The tribunal was poised with another critical question in the instant application: should the pendency of a writ petition in a High Court stop this Tribunal from exercising its jurisdiction? The corporate debtor argued that the ongoing writ petitions before the Hon’ble High Court of Punjab & Haryana should warrant a stay of proceedings. They contended that the financial creditor, despite the approved resolution plan and the alleged assignment and extinguishment of the debt, was continuing with coercive recovery actions. The corporate debtor had filed a First Writ Petition12 to challenge an auction sale notice issued under the SARFAESI Act and sought an interim stay on all such measures.

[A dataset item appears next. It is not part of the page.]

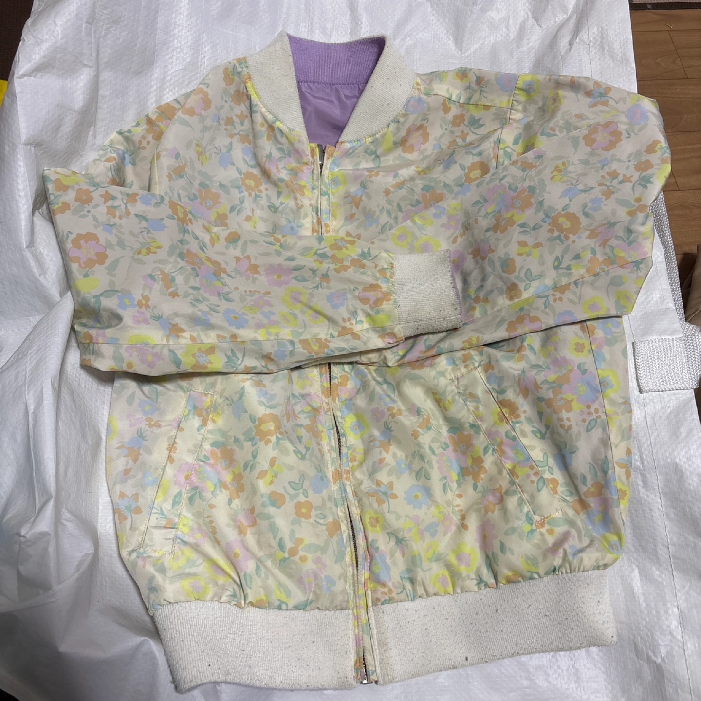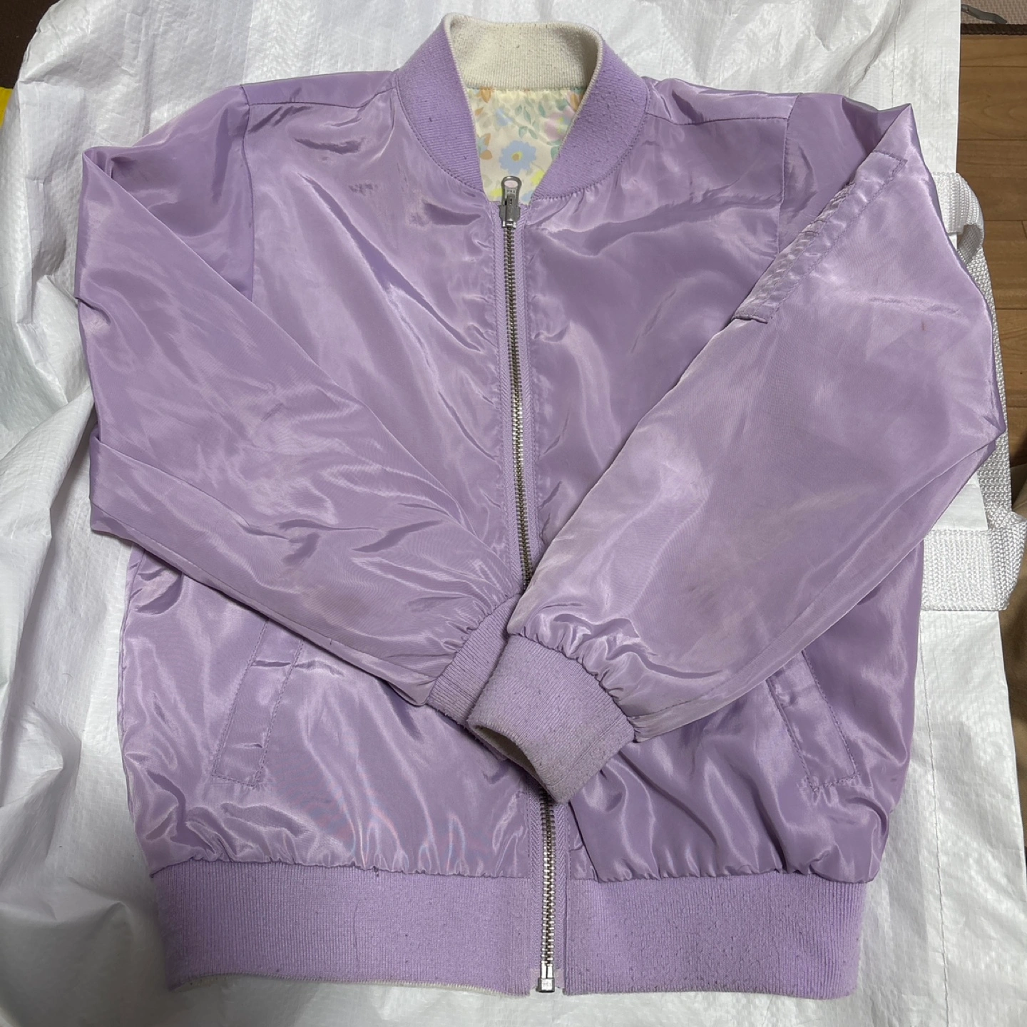 花柄とラベンダーカラーのリバーシブルジャケットです。 袖口、首元、裾のゴム部分は毛玉あり、娘は特に紫の面を表にして着用する事が多かったので、やや汚れあります。 また、タグに記名あります。 ご理解頂ける方のみ、よろしくお願い致します。 - デザイン: 花柄のデザイン - 色: ラベンダー - 素材: ナイロン混合 - スタイル: ボンバージャケット - 袖口: リブ編み ご覧いただきありがとうございます。

This was followed by a Second Writ Petition13 after the financial creditor issued a fresh notice of assignment, in which the High Court, through an interim order dated January 20, 2023, granted relief restraining further enforcement actions.

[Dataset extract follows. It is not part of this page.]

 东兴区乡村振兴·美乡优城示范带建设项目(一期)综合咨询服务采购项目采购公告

So, how does a tribunal, with its specific statutory mandate, navigate this judicial overlap? The NCLT took a pragmatic and principled stance. It held that the pendency of civil proceedings in a constitutional court, such as a High Court, does not automatically bar a statutory body like the NCLT from exercising its jurisdiction under the IBC. The NCLT relied on the Supreme Court’s judgment in Embassy Property Developments Pvt. Ltd. v. State of Karnataka14, which clearly delineated the limited grounds for ousting the authority’s jurisdiction.
The Tribunal noted that unless there is a specific and explicit stay order or an injunction from the High Court prohibiting the continuation of the matter, the mere existence of a pending petition is not a sufficient ground to halt statutory adjudication. The NCLT found no such prohibitive order in the present case that would impose an embargo on its jurisdiction under Section 7 of the IBC.
Furthermore, the Tribunal astutely pointed out a contradiction in the corporate debtor’s own position. On one hand, the corporate debtor was seeking judicial propriety by arguing for a stay due to the High Court proceedings. On the other, they were simultaneously drawing on various judgments to assert that the debt had been extinguished, effectively asking the NCLT to decide on an issue they claimed was still “sub judice” and undecided.
This “dual stance,” as the NCLT called it, undermined the very position the corporate debtor was trying to project. If the matter was indeed an undecided issue for the High Court to settle, the corporate debtor could not, at the same time, claim absolute discharge of its liabilities. This logical inconsistency fortified the NCLT’s view that the writ petitions, in their current state, did not present a valid reason to stay the proceedings before it. The Tribunal concluded that its statutory duty to adjudicate the Section 7 petition remained unhindered.
When a case appears to be settled, and the applicant’s arguments are holding water, it’s often the procedural details that can upend everything. This is precisely what happened here. Even though the NCLT had affirmed the financial creditor’s right to pursue a corporate guarantor and the existence of a financial debt, a new, critical question emerged: was the petition filed within the statutory period of limitation?
The NCLT observed that the guarantee was invoked on January 11, 2017. As per Article 137 of the Limitation Act, 1963, the limitation period for initiating proceedings under Section 7 of the IBC would ordinarily expire on January 10, 2020. The applicant, aware of this, tried to argue that the limitation period should be counted from the date of the change in law, November 24, 2020, with the Athena Energy judgment. However, this argument was swiftly dismissed. The court pointed out a simple, undeniable fact: the statutory period of limitation had already lapsed before this legal change. The present petition, filed on September 9, 2021, was well beyond the prescribed statutory period, rendering it ex facie barred by limitation.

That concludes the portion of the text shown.